The article itself is concerned with the representation of risk, and is really interesting. Parallel Sets only make an appearance further down, as a possible alternative way of representing risk. What is interesting for me is that the image Blastland uses is taken from my entry in the Design, Vision, and Visualization workshop at Vis 2008. I did a redesign of the original ParSets for that, and did not really consider them published. Oh well.
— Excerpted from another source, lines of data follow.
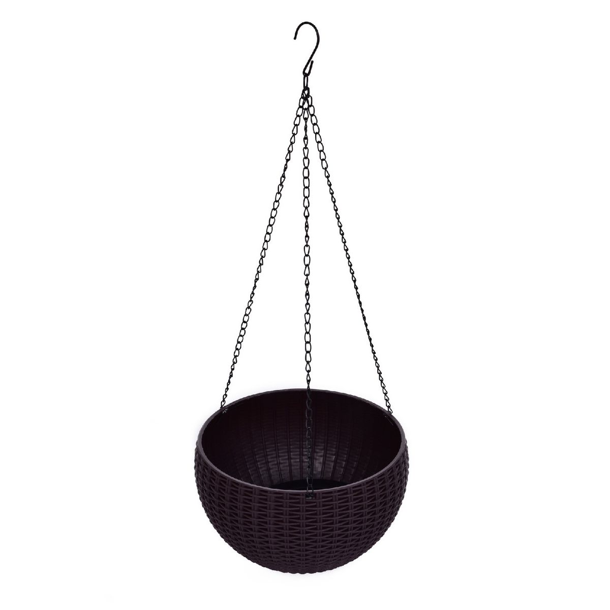 ZÁVĚSNÝ SAMOZAVLAŽOVACÍ KVĚTINÁČ imitace ratanu, součástí je vyjímatelné samozavlažovací dno a kovový řetízek na zavěšení, ve spodní části vypouštěcí uzávěr. Vyrobeno z odolného plastu. Průměr 22 cm, výška 13,5 cm.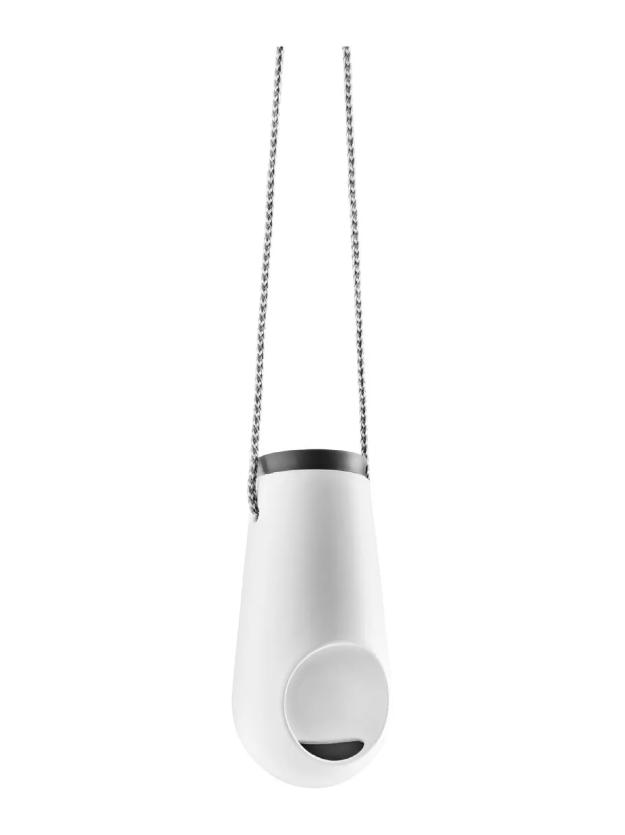 Eva Solon ripustettavan lintulaudan avulla autat kotipihan pikkulintuja selviämään kylmän talven yli. Nailonisesta narusta keraaminen lintulauta on helppo ripustaa puunoksaan tai amppelikoukkuun terassille, ja täyttäminen onnistuu kätevästi yläosan kannen kautta. Voidaan pestä astianpesukoneessa.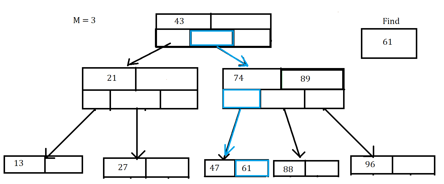 In this one we can see that we start in the root and follow the path of blue arrows and boxes to find the correct value. Even though it’s not shown in this picture,remember to go through the array of keys for the nodes you go through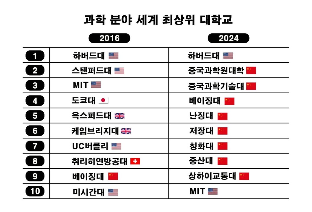 반면, 2016년 상위 10위 중 5개를 차지했던 미국 대학들은 작년 하버드대(1위)와 MIT(10위)를 제외하곤 자취를 감췄다. 또 2016년 4위를 차지했던 도쿄대(일본), 5위 옥스퍼드대(영국), 6위 캐임브리지대(영국) 7위 UC버클리대(미국), 8위 취리히연방공대(그위스), 10위 미시간대(미국) 등은 모두 10위권 밖으로 밀려났다.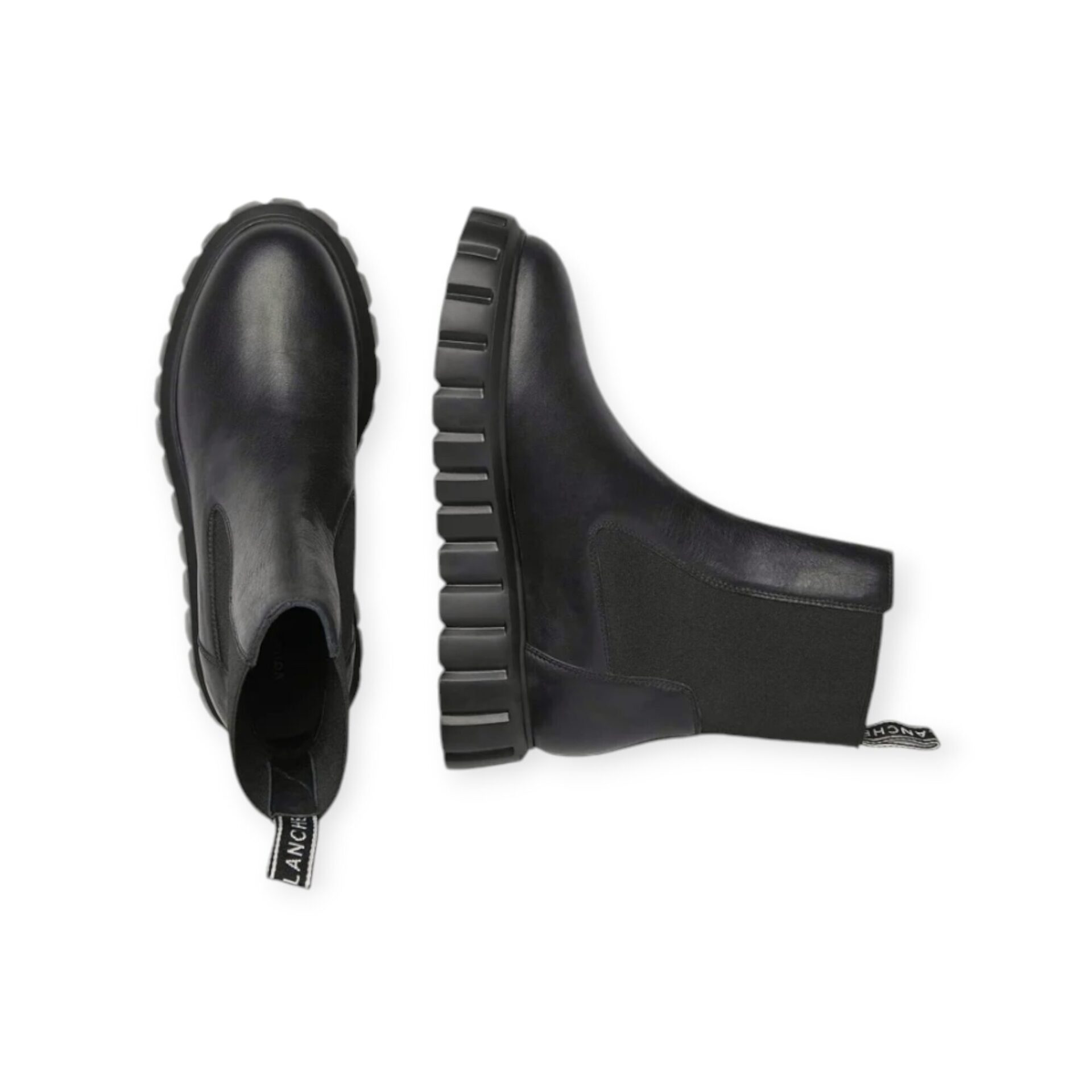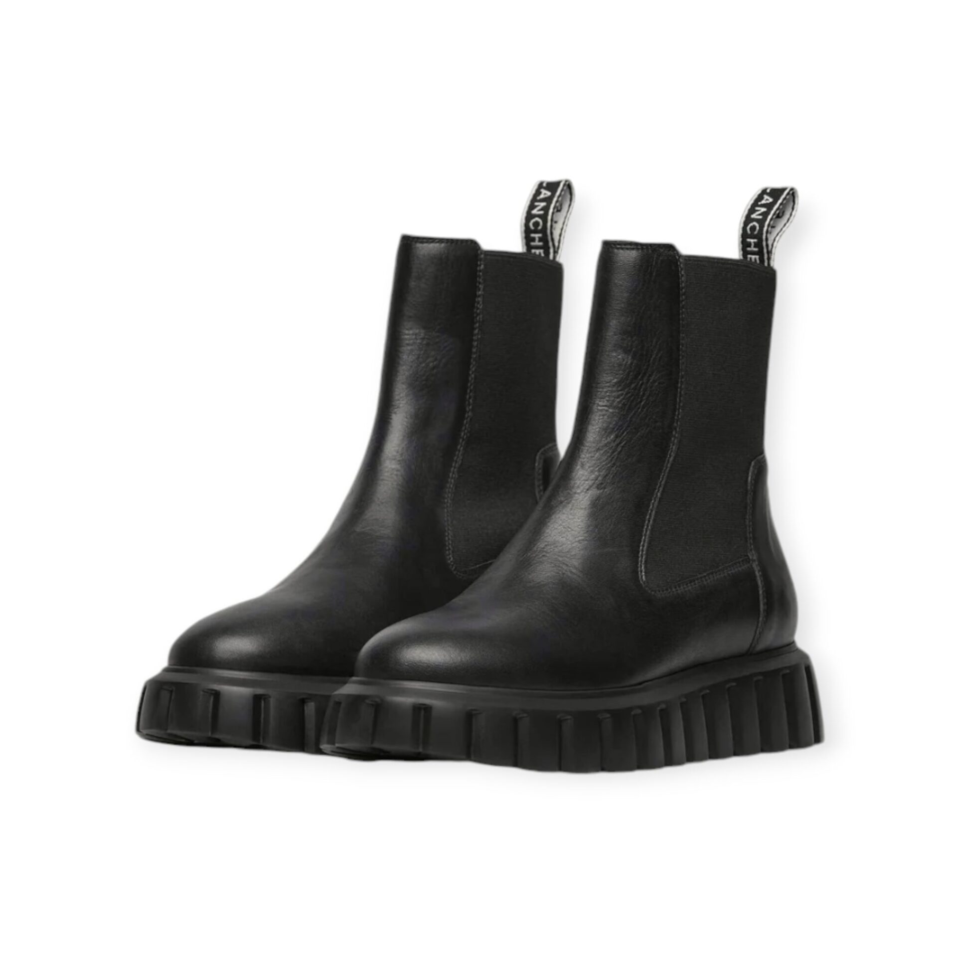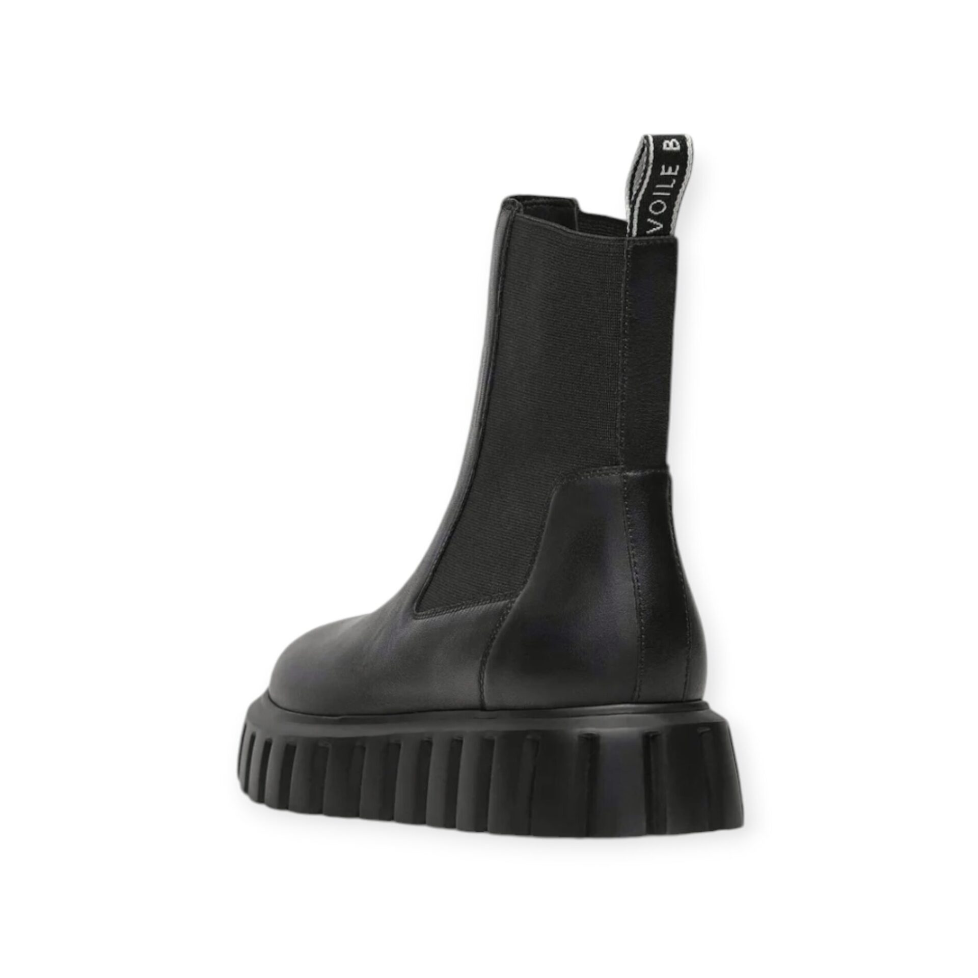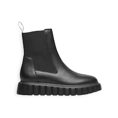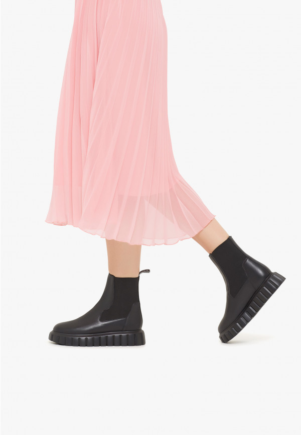 Stivaletto tipo Chelsea con tomaia in pelle e inserti elastici alla caviglia. Suola bold in gomma ultra leggera con profili bombati.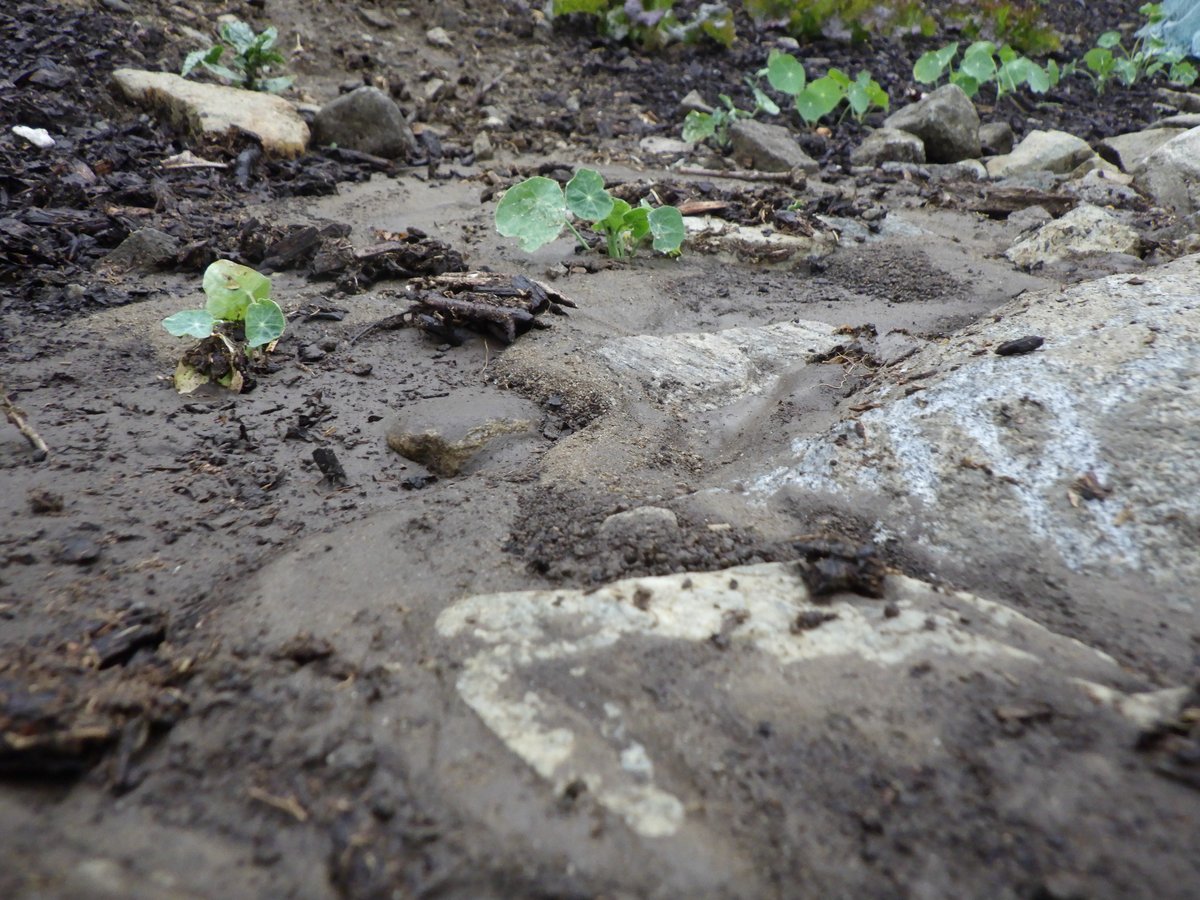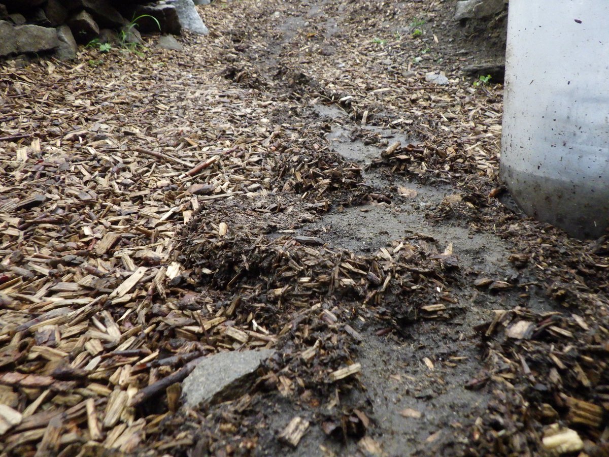 Neben Erosion, wie sie funktioniert gut zu beobachten in gemulchtem Material, tauchen plötzlich seltsame Flecken auf, als hätte jemand Bauschaum verloren...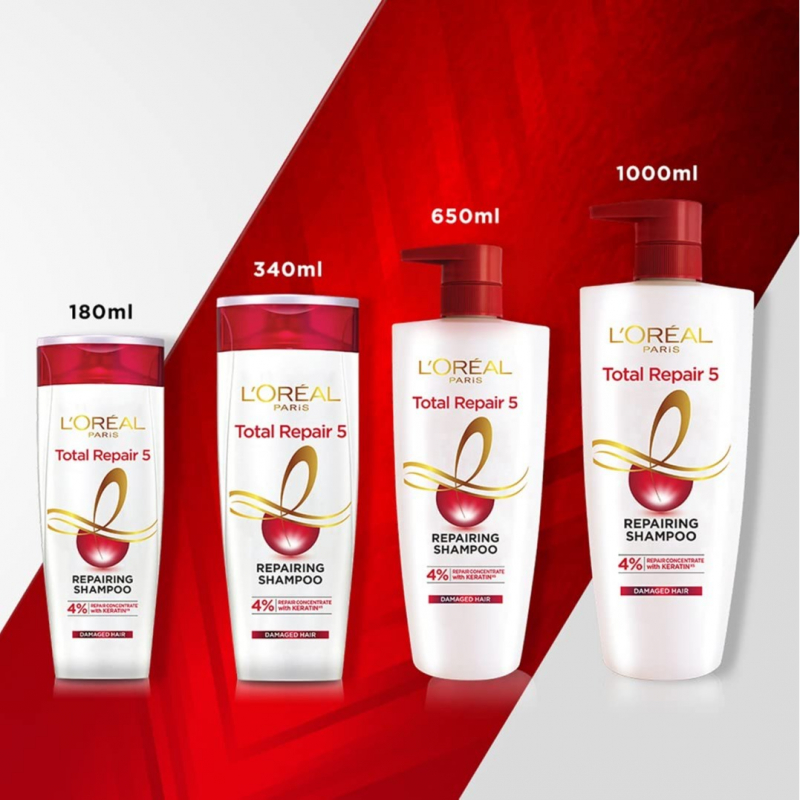 Total Repair 5 shampoo for damaged, dry, lifeless, dull, or weak hair, Fights against the five visible signs of damaged hair: hair fall, dryness, roughness, dullness, and split ends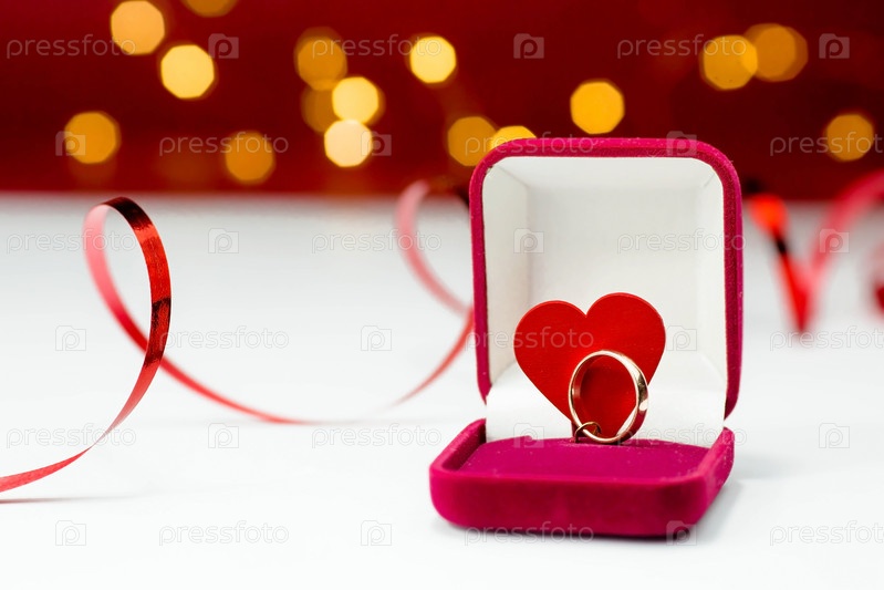 Золотое кольцо, обручальное кольцо в красной коробке и красное сердце на бело-красном фоне с красивым боке. Момент свадьбы, юбилея, помолвки или Дня святого Валентина. Счастливый день

Parallel Sets is a technique for visualizing categorical data. The main idea was to get away from representing individual data points, and instead show sets and subsets of items with certain combinations of criteria. This works very well for data like customer surveys, census data, and many other kinds of purely categorical or mixed categorical and continuous data - like my standard example, the people on board the Titanic (see above). In a way, ParSets is a mix between parallel coordinates and treemaps/mosaic plots.
The technique was developed a few years ago by my student Fabian Bendix, myself, and Helwig Hauser. We published a paper at InfoVis 2005, an expanded version of which appeared in TVCG, Parallel Sets: Interactive Exploration and Visual Analysis of Categorical Data(ref).
I have done some further work on the technique as well as worked on a new implementation. Currently, I am working with a colleague and a student in bioinformatics on using ParSets (and other techniques) as a new way of looking at genomic data.
So what about getting access to the program right now? I have been planning on releasing the program for a long time (and I completely agree with Iain Cunningham who recently called me out on my statements elsewhere that we should be forced to publish our code). Unfortunately, the current implementation is a typical academic prototype: buggy, unfinished, and the code is really horrible in places.
We have recently started a new implementation based on a new data model that embodies a lot of what we have learned about the technique and the data we are looking at. There are also new interactions that will make working with Parallel Sets more efficient, and the new design (some of which you see above) brings out the represented data in a much clearer way than before.
When will you be able to use the program for your own data? At the end of April. We are going to release the software as open source by then. If you want to be notified, leave a comment here or send me a message through the contact form. I will certainly brag about it here once it's out, and also post some more about the actual technique, how to use it, etc.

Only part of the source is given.